WORK INSTRUCTIONS →
The copy should hold exactly the lines below from the one that contains "1年に1度、秋の短い期間にの" through the one that contains "Digital Sheet Music" and nothing else, so no pictures.

DATA FOR REVIEW →
________

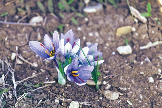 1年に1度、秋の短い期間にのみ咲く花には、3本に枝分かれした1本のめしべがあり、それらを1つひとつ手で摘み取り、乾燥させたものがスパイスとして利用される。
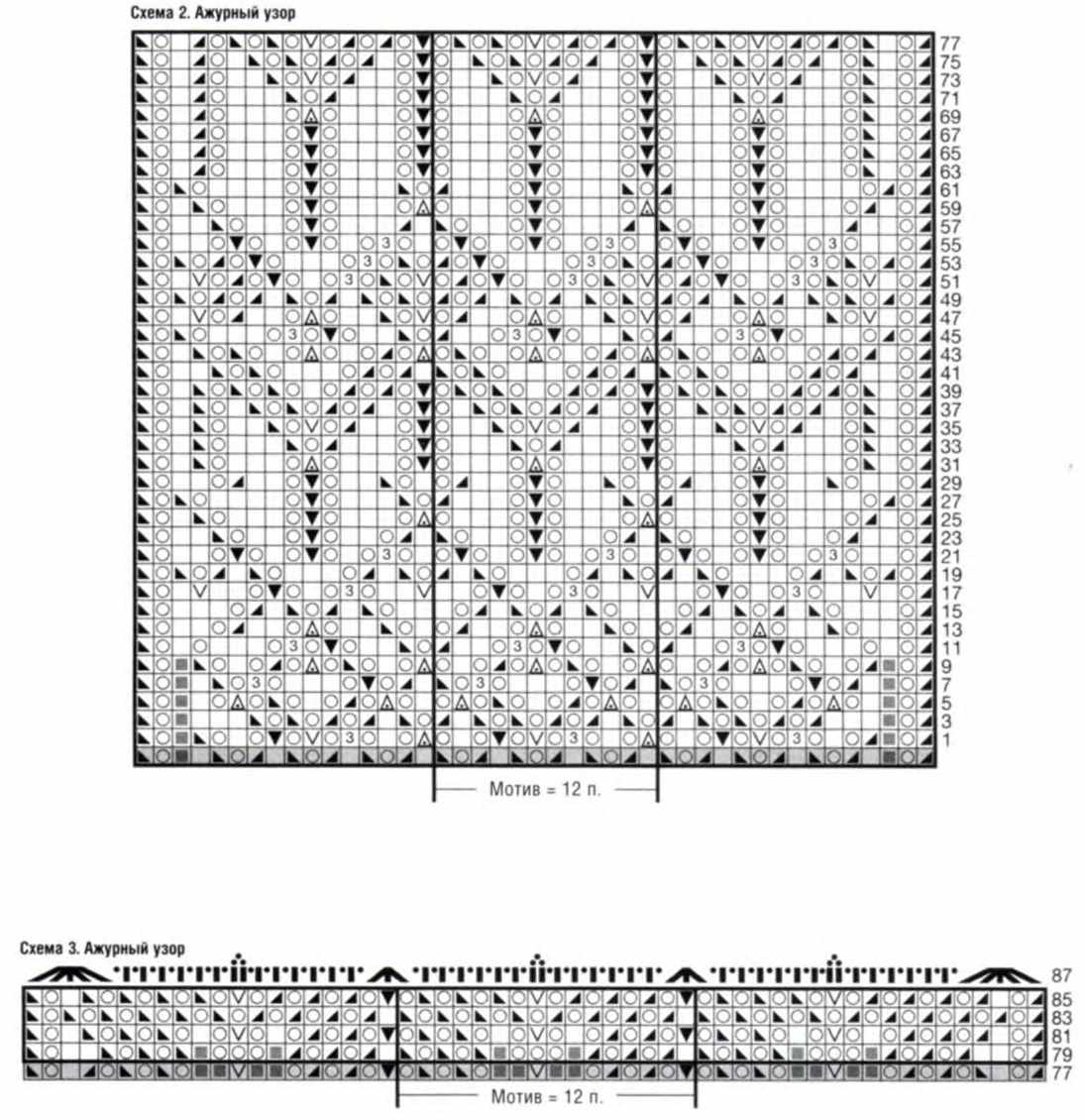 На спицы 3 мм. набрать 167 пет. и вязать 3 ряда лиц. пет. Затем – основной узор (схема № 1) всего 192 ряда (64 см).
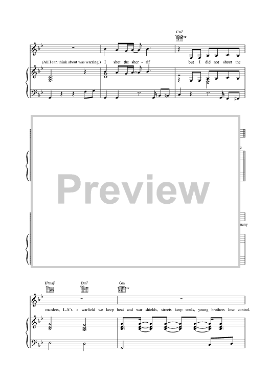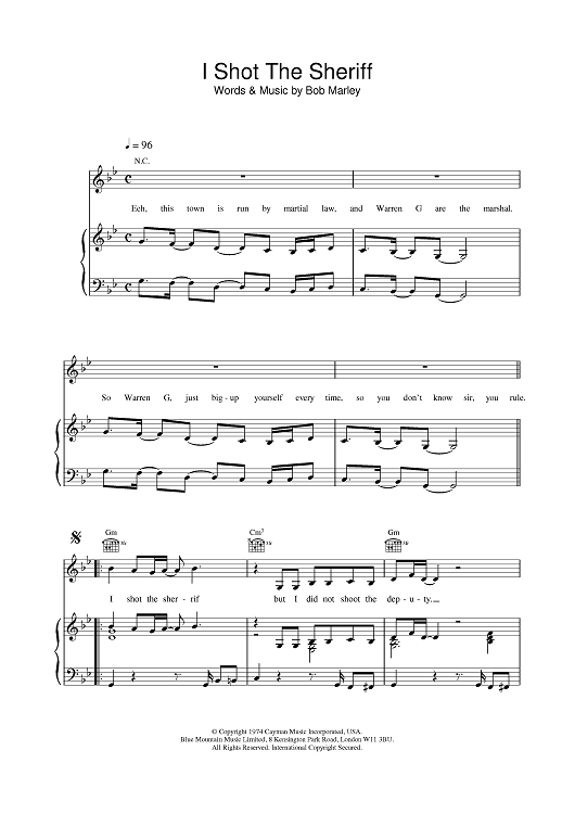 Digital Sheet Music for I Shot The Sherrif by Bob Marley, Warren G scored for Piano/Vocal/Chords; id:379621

________

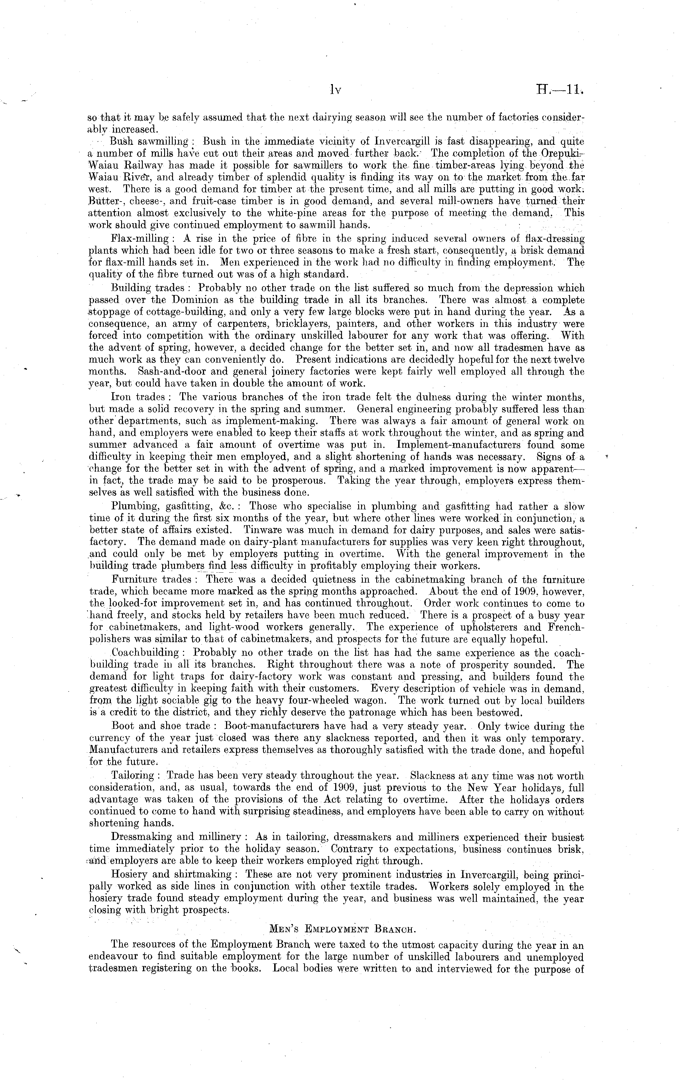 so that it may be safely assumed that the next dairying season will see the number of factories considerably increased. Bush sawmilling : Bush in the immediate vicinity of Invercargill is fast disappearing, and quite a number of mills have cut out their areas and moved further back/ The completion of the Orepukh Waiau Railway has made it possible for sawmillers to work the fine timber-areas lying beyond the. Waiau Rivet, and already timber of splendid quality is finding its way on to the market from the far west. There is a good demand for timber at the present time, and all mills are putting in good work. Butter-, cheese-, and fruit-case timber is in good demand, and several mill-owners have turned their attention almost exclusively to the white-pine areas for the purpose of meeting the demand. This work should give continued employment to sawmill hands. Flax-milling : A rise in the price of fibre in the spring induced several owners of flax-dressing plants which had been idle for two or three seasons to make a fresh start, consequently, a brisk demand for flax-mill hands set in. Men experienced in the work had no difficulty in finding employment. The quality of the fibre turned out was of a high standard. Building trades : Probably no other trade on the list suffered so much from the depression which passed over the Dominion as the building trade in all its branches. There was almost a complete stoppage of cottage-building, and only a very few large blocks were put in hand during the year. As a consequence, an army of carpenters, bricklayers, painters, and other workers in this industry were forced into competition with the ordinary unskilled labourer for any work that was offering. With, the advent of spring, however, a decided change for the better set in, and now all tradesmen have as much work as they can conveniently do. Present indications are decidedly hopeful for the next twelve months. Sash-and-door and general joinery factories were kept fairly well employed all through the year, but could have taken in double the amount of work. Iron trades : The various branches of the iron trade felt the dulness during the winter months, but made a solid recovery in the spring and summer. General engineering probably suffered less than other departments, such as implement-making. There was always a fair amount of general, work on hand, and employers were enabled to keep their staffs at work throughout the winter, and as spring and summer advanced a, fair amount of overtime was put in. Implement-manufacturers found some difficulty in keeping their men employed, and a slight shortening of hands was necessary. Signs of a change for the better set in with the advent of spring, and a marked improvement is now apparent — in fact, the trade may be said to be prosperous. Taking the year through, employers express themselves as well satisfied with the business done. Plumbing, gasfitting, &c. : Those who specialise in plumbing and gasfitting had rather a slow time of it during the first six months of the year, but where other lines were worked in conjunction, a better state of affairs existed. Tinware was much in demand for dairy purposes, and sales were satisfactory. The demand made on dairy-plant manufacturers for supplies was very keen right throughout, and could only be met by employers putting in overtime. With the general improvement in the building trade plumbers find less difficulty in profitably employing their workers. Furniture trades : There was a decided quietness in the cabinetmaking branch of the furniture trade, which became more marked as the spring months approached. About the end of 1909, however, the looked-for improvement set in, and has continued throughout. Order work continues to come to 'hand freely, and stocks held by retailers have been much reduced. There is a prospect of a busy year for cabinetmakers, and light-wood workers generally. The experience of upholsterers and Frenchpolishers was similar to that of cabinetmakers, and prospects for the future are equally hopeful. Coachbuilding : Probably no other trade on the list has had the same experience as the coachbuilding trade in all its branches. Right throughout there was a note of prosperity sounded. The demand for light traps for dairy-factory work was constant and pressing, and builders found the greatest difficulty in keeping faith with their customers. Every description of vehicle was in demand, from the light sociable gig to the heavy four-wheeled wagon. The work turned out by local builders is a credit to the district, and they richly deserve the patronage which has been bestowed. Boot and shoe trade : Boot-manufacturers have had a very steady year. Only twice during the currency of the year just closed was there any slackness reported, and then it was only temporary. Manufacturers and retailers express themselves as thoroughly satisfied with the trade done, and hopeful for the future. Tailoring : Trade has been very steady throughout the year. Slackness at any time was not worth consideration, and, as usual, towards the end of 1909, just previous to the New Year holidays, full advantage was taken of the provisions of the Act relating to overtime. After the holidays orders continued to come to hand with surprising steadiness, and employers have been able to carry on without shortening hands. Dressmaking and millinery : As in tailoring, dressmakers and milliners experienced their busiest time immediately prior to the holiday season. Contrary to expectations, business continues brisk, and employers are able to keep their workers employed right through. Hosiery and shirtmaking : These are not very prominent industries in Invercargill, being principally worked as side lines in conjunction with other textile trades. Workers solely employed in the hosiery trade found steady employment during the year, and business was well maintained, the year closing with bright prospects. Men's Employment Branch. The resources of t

________

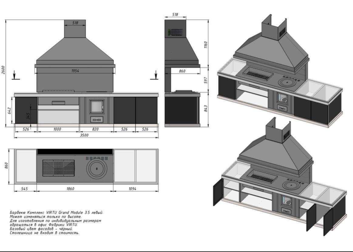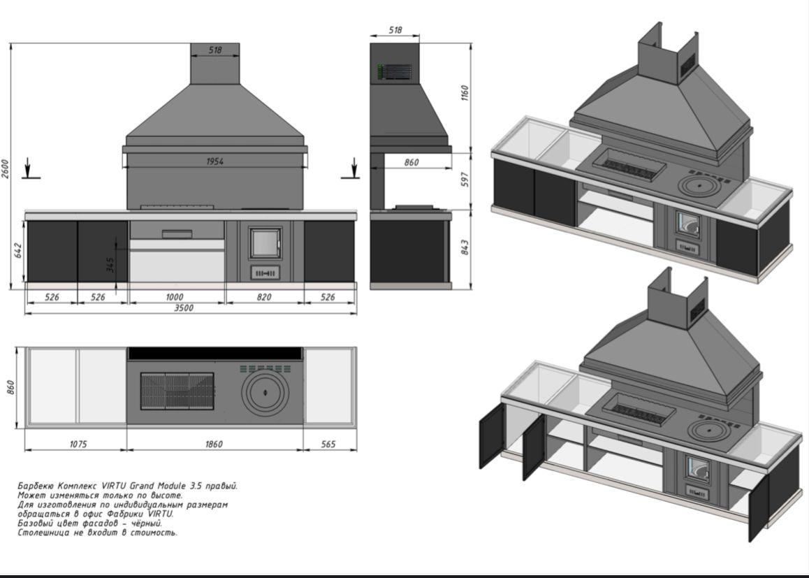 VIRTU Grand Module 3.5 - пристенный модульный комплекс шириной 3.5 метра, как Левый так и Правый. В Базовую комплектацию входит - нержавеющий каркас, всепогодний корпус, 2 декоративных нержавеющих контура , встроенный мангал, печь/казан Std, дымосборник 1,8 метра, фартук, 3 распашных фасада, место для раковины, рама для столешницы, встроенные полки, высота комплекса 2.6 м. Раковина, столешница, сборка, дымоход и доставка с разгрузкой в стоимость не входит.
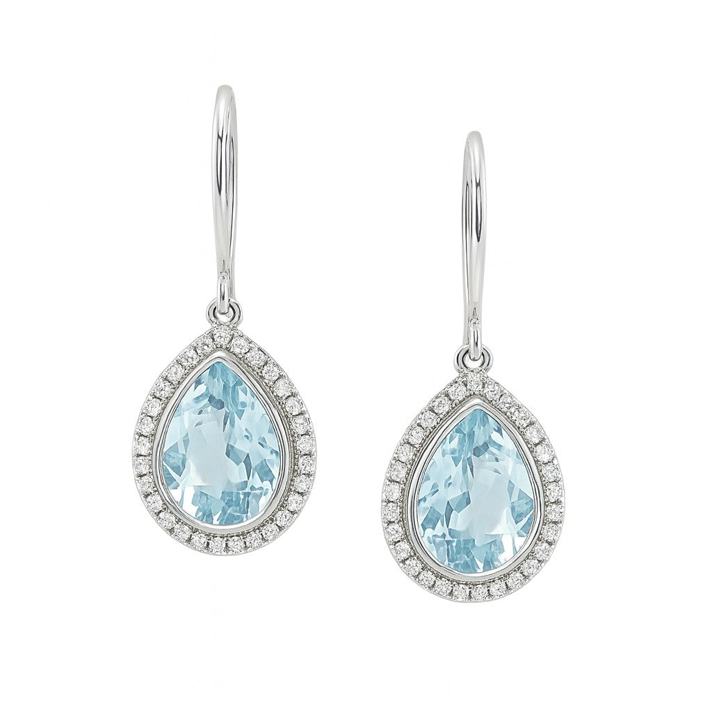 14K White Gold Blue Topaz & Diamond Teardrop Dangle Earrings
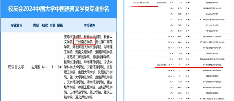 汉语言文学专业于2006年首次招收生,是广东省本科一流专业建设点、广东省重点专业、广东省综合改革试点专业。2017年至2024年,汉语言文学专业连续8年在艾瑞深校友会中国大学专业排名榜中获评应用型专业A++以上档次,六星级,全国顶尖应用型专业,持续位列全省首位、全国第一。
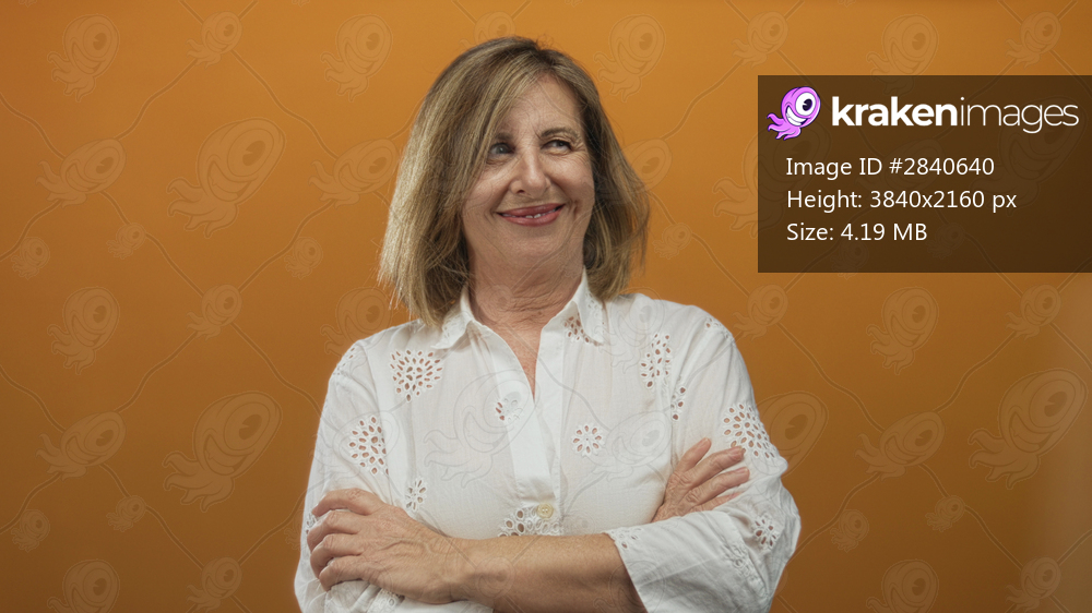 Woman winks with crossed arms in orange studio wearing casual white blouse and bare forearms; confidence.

________

TASK OUTPUT →
 1年に1度、秋の短い期間にのみ咲く花には、3本に枝分かれした1本のめしべがあり、それらを1つひとつ手で摘み取り、乾燥させたものがスパイスとして利用される。
 На спицы 3 мм. набрать 167 пет. и вязать 3 ряда лиц. пет. Затем – основной узор (схема № 1) всего 192 ряда (64 см).
 Digital Sheet Music for I Shot The Sherrif by Bob Marley, Warren G scored for Piano/Vocal/Chords; id:379621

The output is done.